Fenchel's theorem

In differential geometry, Fenchel's theorem is an inequality on the total absolute curvature of a closed smooth space curve, stating that it is always at least [math]\displaystyle{ 2\pi }[/math]. Equivalently, the average curvature is at least [math]\displaystyle{ 2 \pi/L }[/math], where [math]\displaystyle{ L }[/math] is the length of the curve. The only curves of this type whose total absolute curvature equals [math]\displaystyle{ 2\pi }[/math] and whose average curvature equals [math]\displaystyle{ 2 \pi/L }[/math] are the plane convex curves. The theorem is named after Werner Fenchel, who published it in 1929.

The Fenchel theorem is enhanced by the Fáry–Milnor theorem, which says that if a closed smooth simple space curve is nontrivially knotted, then the total absolute curvature is greater than 4π.

Proof

Given a closed smooth curve [math]\displaystyle{ \alpha:[0,L]\to\mathbb{R}^3 }[/math] with unit speed, the velocity [math]\displaystyle{ \gamma=\dot\alpha:[0,L]\to\mathbb{S}^2 }[/math] is also a closed smooth curve. The total absolute curvature is its length [math]\displaystyle{ l(\gamma) }[/math].

The curve [math]\displaystyle{ \gamma }[/math] does not lie in an open hemisphere. If so, then there is [math]\displaystyle{ v\in\mathbb{S}^2 }[/math] such that [math]\displaystyle{ \gamma\cdot v\gt 0 }[/math], so [math]\displaystyle{ \textstyle0=(\alpha(1)-\alpha(0))\cdot v=\int_0^L\gamma(t)\cdot v\,\mathrm{d}t\gt 0 }[/math], a contradiction. This also shows that if [math]\displaystyle{ \gamma }[/math] lies in a closed hemisphere, then [math]\displaystyle{ \gamma\cdot v\equiv0 }[/math], so [math]\displaystyle{ \alpha }[/math] is a plane curve.

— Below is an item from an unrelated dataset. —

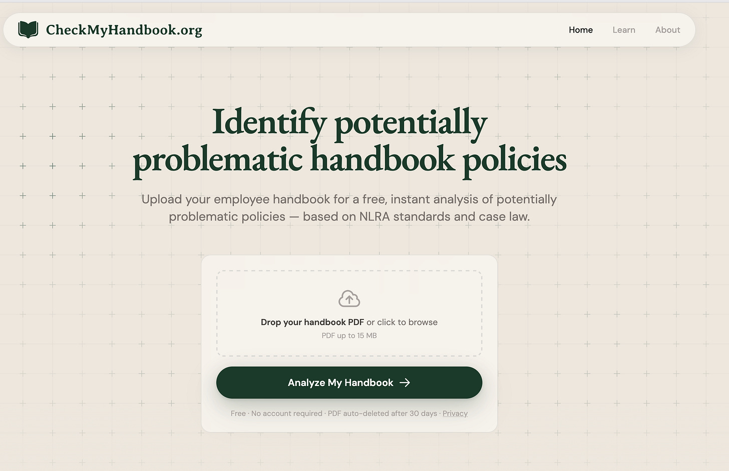Earlier this month, Citizen Computing launched CheckMyHandbook.com, a website where you can upload your company’s handbook, your employment agreement, or any other document really to see whether it contains any provisions that might violate the National Labor Relations Act under the Stericycle standard.

Consider a point [math]\displaystyle{ \gamma(T) }[/math] such that curves [math]\displaystyle{ \gamma([0,T]) }[/math] and [math]\displaystyle{ \gamma([T,L]) }[/math] have the same length. By rotating the sphere, we may assume [math]\displaystyle{ \gamma(0) }[/math] and [math]\displaystyle{ \gamma(T) }[/math] are symmetric about the axis through the poles. By the previous paragraph, at least one of the two curves [math]\displaystyle{ \gamma([0,T]) }[/math] and [math]\displaystyle{ \gamma([T,L]) }[/math] intersects with the equator at some point [math]\displaystyle{ p }[/math]. We denote this curve by [math]\displaystyle{ \gamma_0 }[/math]. Then [math]\displaystyle{ l(\gamma)=2l(\gamma_0) }[/math].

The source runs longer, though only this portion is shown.